Sepulangnya dari rumah Rohaya, Sumartini intropeksi diri sendiri. Sumartini merasa malu dan
bersalah kepada suaminya, ia belum bisa memberikan perhatian dan kasih sayang tulus yang diinginkan
Sukartono. Selama ini ia selalu berlaku kasar pada suaminya, Tini merasa gagal menjadi seorang istri.

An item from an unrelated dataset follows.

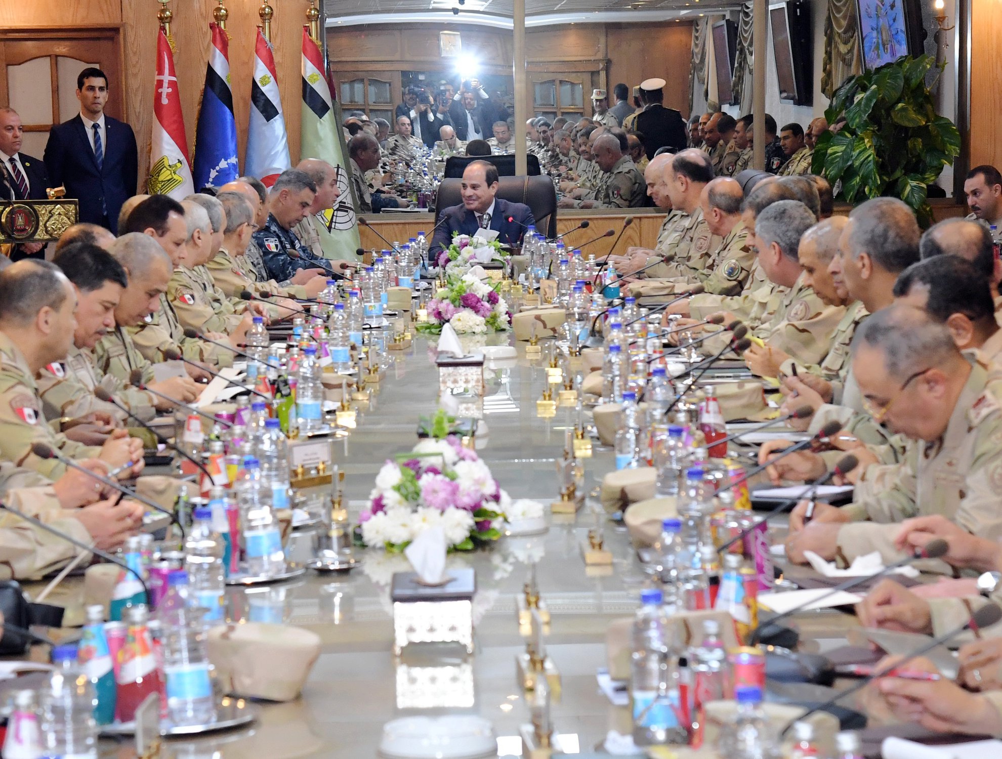 ترأس عبد الفتاح السيسي، اليوم، اجتماعا موسعاً لقيادات القوات المسلحة بمقر الأمانة العامة لوزارة الدفاع، مطالبا الجيش بالاستعداد القتالي لحماية أمن مصر القومي.

Akhirnya ia memutuskan untuk berpisah dengan Sukartono. Awalnya Sukartono tidak menyetujui
permintaan Sumartini, bahkan Tono sudah berjanji pada Tini untuk mengubah hidupnya untuk lebih
perhatian kepada Tini. Namun, karena kebulatan Sumartini untuk berpisah, Sukartono tidak dapat
mencegahnya. Sukartono merasa sedih dan gundah atas perpisahannya dengan Sumartini. Tini
memutuskan untuk pergi ke Surabaya. Kesedihan dan kesendirian Sukartono betambah ketika mengetahui
bahwa Rohaya juga pergi meninggalkannya. Rohaya meninggalkan sepucuk surat dan memberitahukan
bahwa ia mencintai Sukartono, Rohaya kini telah meninggalkan tanah air untuk selama lamanya dan
tinggal diluar negeri. Kini Sukartono mengapdikan hidupnya pada sebuah panti asuhan. Karena dengan
begitu ia bisa menemukan ketenangan batin dalam kesendiriannya.